5. Practical Taxonomy of Multi-Hop Failure Modes

  • Retrieval Ceiling Failure: Semantic similarity retrieval fails to capture the logical relevance of passages whose importance is conditional on an unresolved prior step. Primarily structural rather than easily fixed by ordinary retriever tuning alone.[1]
  • Lost-in-Retrieval: The omission of key entities in a decomposed sub-question fails to retrieve required intermediate evidence, disrupting the reasoning chain.[2]
  • Decomposition Drift: Generated sub-questions deviate from the reasoning coherence of the original query, producing an inaccurate decomposition chain.[2][3]
  • Error Propagation: An incorrect intermediate result becomes a premise for the next step. The chain cascades early mistakes, invalidating the final synthesis rather than absorbing them.[3]
  • Reasoning Bottleneck: The correct evidence is retrieved but the model fails to reason over it correctly. The majority of multi-hop errors fall here.[5]
  • Hop-Depth Degradation: Error rates rise with Reasoning Depth (hop count), independent of semantic similarity difficulty.[4]

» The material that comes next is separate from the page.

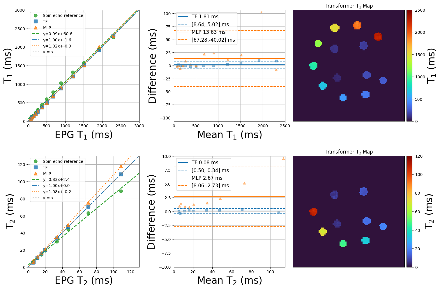 Figure 2: Values of the spin echo reference and the models in the phantom compared to the EPG, alongside the Bland-Altman plot using the Transformer model dictionary, and the maps of the scanned phantom. For T2, values larger than 120 were omitted.
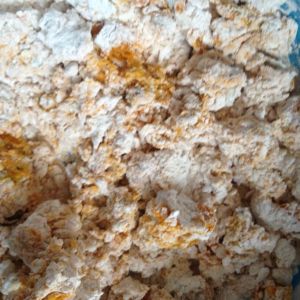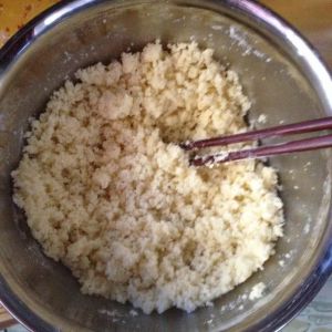 把蒸好的南瓜用筷子搅成南瓜泥,放凉后加入白糖和糯米粉,糯米粉和南瓜的比例大概是1:1

6. Implications for AI System Design

  • Do not diagnose multi-hop failure as a retrieval problem: The majority of errors occur when the correct evidence is already retrieved. Improving retrieval alone will not resolve multi-hop failure.[5]
  • Treat query decomposition as a first-class failure point: Decomposition quality determines every downstream retrieval step. It must be evaluated independently of final answer accuracy.[2][3]
  • Require step-level evaluation, not answer-level accuracy: Answer-level metrics mask where in the chain failures occur. Distinguishing decomposition, retrieval, and reasoning failures requires step-level attribution.[3][4]
  • Calibrate accuracy expectations to hop depth: Error rates grow consistently with hop count. Accuracy thresholds designed for single-hop queries do not transfer to deep reasoning chains.[4]
  • Treat semantic distance as a distinct risk axis: Failure increases with both hop count and semantic distance. Both must be characterized for a given query distribution.[4]

7. Open Questions

  • Decomposition evaluation: How can the quality of query decomposition be measured independently of final answer accuracy to enable early detection of decomposition drift before it propagates through the chain?
  • Logical relevance retrieval: What retrieval representations would capture conditional relevance rather than semantic similarity to the original query?
  • Reasoning vs retrieval diagnosis: Given that most multi-hop errors are reasoning failures, what inference-time signals distinguish a reasoning failure from a retrieval failure to enable targeted intervention at the correct layer?
  • Hop-depth threshold: Is there an empirical hop-depth beyond which current RAG architectures fail systematically, regardless of retrieval quality or model capability?
  • Chain-aware retrieval: Can retrieval be conditioned on the full chain state (not just the current sub-question) so that each step accounts for what has already been established in prior steps?
  • Intermediate answer verification: Can intermediate conclusions be verified against retrieved evidence before becoming premises for the next step, preventing error propagation at its origin rather than detecting it at the output?
  • Decomposition-retrieval co-optimization: Can sub-question generation be made jointly aware of retrieval system constraints to produce sub-questions that are both logically correct and retrievable?